• What is being asked
Please restate, word for word, the lines below that begin at the one with "[고양신문] (사)대한노인회 덕양구지회(지회장" and end at the one with "Zachovalé kolieskové korčule". Leave out all other lines.

• Records for the task
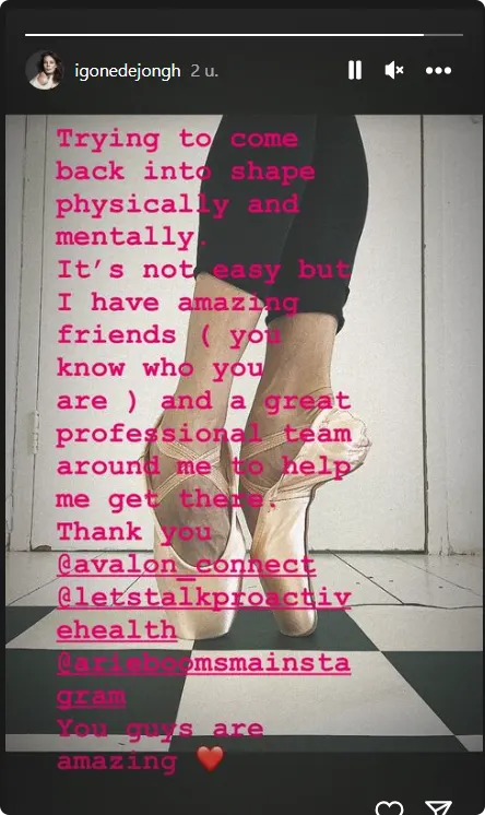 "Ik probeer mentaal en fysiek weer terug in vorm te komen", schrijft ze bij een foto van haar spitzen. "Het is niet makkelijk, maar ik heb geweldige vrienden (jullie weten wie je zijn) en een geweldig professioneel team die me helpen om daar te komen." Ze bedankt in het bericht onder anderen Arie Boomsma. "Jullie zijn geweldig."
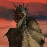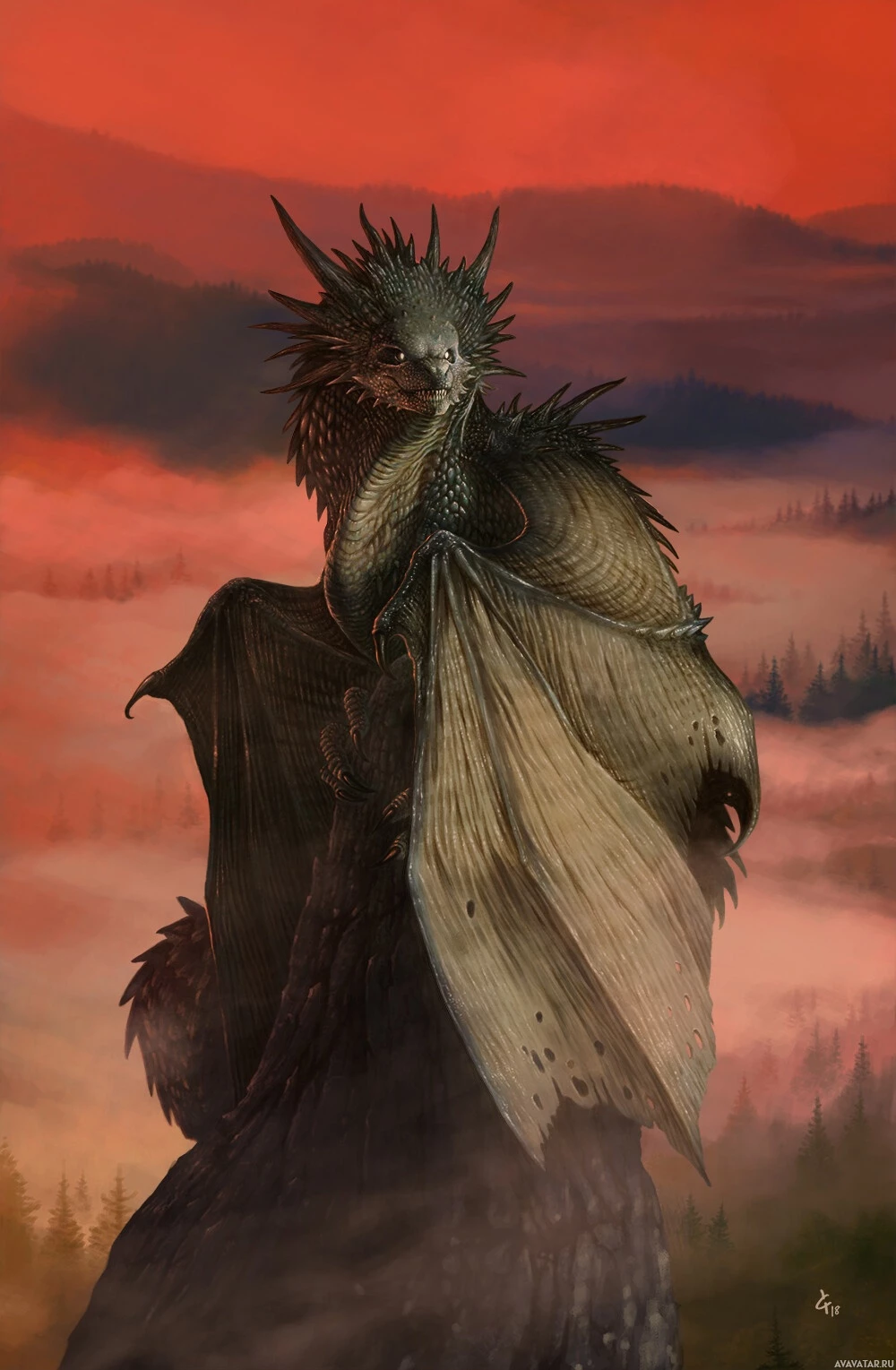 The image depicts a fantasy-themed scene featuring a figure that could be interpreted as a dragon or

* * *

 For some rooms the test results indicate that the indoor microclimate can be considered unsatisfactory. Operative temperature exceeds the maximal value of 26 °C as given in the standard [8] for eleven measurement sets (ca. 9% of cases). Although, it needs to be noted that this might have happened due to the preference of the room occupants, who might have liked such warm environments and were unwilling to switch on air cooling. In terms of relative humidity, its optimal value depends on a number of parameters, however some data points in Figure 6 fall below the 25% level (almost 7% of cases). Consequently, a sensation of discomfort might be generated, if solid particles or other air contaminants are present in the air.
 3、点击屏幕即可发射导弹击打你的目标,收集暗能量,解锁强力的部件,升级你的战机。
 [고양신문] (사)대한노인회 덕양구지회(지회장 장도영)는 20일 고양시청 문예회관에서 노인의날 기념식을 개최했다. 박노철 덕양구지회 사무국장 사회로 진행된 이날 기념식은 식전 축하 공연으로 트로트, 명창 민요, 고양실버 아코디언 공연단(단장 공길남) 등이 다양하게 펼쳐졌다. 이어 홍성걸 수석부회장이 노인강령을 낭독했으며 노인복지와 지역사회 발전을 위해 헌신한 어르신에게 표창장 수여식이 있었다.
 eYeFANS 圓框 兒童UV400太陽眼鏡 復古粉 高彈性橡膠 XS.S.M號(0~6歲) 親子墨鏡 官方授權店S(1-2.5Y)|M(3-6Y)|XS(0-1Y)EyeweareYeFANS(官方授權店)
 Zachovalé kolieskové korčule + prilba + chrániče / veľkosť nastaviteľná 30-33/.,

• Result of the task
 [고양신문] (사)대한노인회 덕양구지회(지회장 장도영)는 20일 고양시청 문예회관에서 노인의날 기념식을 개최했다. 박노철 덕양구지회 사무국장 사회로 진행된 이날 기념식은 식전 축하 공연으로 트로트, 명창 민요, 고양실버 아코디언 공연단(단장 공길남) 등이 다양하게 펼쳐졌다. 이어 홍성걸 수석부회장이 노인강령을 낭독했으며 노인복지와 지역사회 발전을 위해 헌신한 어르신에게 표창장 수여식이 있었다.
 eYeFANS 圓框 兒童UV400太陽眼鏡 復古粉 高彈性橡膠 XS.S.M號(0~6歲) 親子墨鏡 官方授權店S(1-2.5Y)|M(3-6Y)|XS(0-1Y)EyeweareYeFANS(官方授權店)
 Zachovalé kolieskové korčule + prilba + chrániče / veľkosť nastaviteľná 30-33/.,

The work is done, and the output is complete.